> **Information provided**:
☆ ☆ ☆ ☆

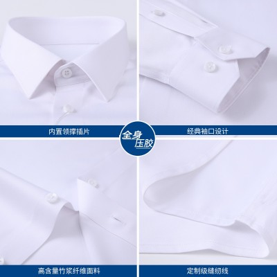 50%高含量竹纖維商務(wù)休閑長袖襯衫藍(lán)白色日常上班職業(yè)男士襯衣
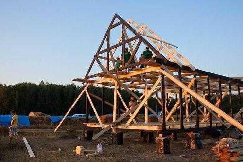 Крыша кроется сразу же, чтоб при укладке соломенных блоков в стены каркаса они не намокли от внезапной непогоды и дождя.
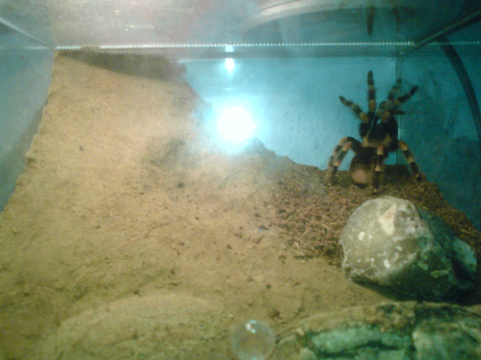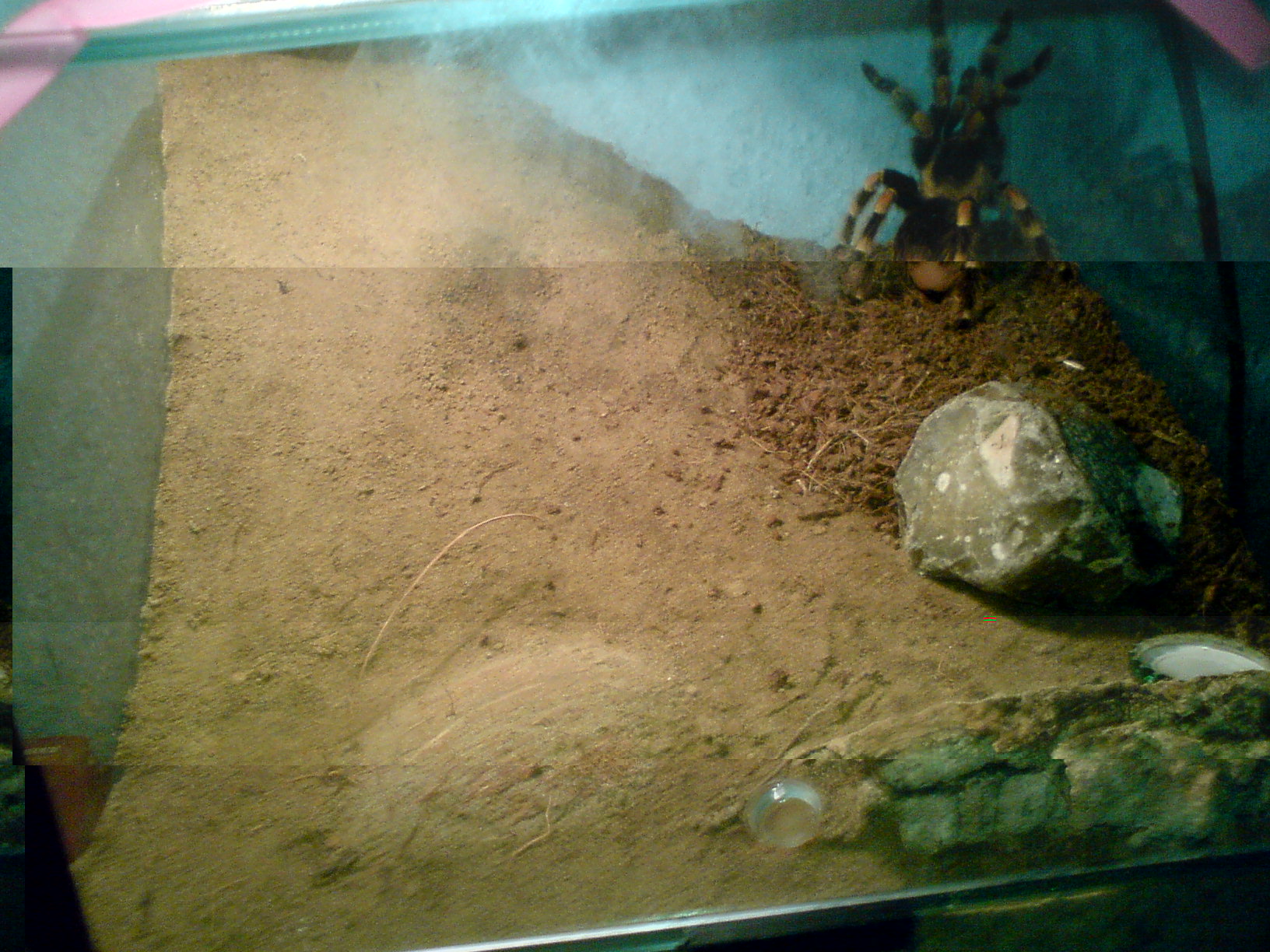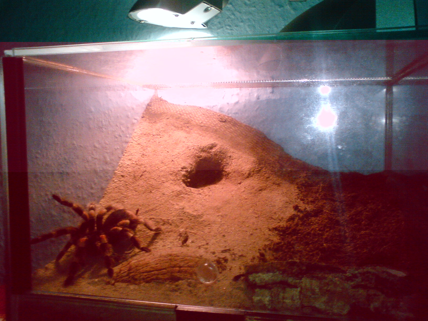 Ich sehe da nur keine Versteckmöglichkeiten für die Spinne :( . Du könntest in dem Erdwall ein Loch einbringen, so dass die Spinne dies ggf. als Höhle annimmt und weiter ausbaut oder ihr alternativ ein Stück Baumrinde oder eine Korkhöhle anbieten. Ansonsten vielleicht noch eine kleine Pflanze (z.B. Efeu) für ein verbessertes Klima, sieht hübsch aus und bietet dem Tier ebenfalls eine Versteckmöglichkeit.

☆ ☆ ☆ ☆

> **Work instructions**: Could you retype every line above exactly as it appears, skipping the pictures?

> **Solution to this exercise**:
 50%高含量竹纖維商務(wù)休閑長袖襯衫藍(lán)白色日常上班職業(yè)男士襯衣
 Крыша кроется сразу же, чтоб при укладке соломенных блоков в стены каркаса они не намокли от внезапной непогоды и дождя.
 Ich sehe da nur keine Versteckmöglichkeiten für die Spinne :( . Du könntest in dem Erdwall ein Loch einbringen, so dass die Spinne dies ggf. als Höhle annimmt und weiter ausbaut oder ihr alternativ ein Stück Baumrinde oder eine Korkhöhle anbieten. Ansonsten vielleicht noch eine kleine Pflanze (z.B. Efeu) für ein verbessertes Klima, sieht hübsch aus und bietet dem Tier ebenfalls eine Versteckmöglichkeit.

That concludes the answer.